EXERCISE DIRECTIONS: Your job with the data below is to output exactly the lines from the one holding "at 760 mmHg。(立项报告)" down to the one holding "General Sir Frederick", both included, and no others.

MATERIAL SUPPLIED:
━━━━━━

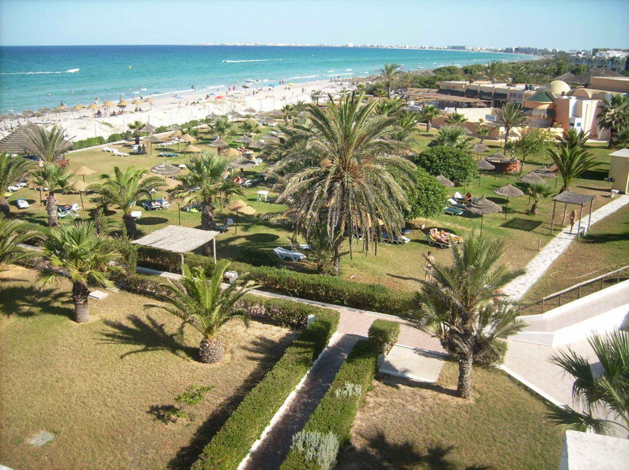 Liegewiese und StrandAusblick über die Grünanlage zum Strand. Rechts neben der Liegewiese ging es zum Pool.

━━━━━━

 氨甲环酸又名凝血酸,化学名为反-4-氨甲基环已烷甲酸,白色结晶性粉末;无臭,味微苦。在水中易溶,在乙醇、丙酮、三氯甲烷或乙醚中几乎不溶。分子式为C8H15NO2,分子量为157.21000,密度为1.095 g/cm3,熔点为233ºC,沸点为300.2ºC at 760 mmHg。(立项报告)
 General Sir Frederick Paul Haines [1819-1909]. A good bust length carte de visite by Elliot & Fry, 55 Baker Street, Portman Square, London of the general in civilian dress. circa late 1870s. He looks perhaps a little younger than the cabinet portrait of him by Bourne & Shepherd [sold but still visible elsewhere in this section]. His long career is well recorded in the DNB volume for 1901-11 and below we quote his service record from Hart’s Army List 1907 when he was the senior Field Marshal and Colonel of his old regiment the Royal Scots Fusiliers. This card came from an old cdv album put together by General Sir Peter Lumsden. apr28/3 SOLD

━━━━━━

EXERCISE ANSWER:
 氨甲环酸又名凝血酸,化学名为反-4-氨甲基环已烷甲酸,白色结晶性粉末;无臭,味微苦。在水中易溶,在乙醇、丙酮、三氯甲烷或乙醚中几乎不溶。分子式为C8H15NO2,分子量为157.21000,密度为1.095 g/cm3,熔点为233ºC,沸点为300.2ºC at 760 mmHg。(立项报告)
 General Sir Frederick Paul Haines [1819-1909]. A good bust length carte de visite by Elliot & Fry, 55 Baker Street, Portman Square, London of the general in civilian dress. circa late 1870s. He looks perhaps a little younger than the cabinet portrait of him by Bourne & Shepherd [sold but still visible elsewhere in this section]. His long career is well recorded in the DNB volume for 1901-11 and below we quote his service record from Hart’s Army List 1907 when he was the senior Field Marshal and Colonel of his old regiment the Royal Scots Fusiliers. This card came from an old cdv album put together by General Sir Peter Lumsden. apr28/3 SOLD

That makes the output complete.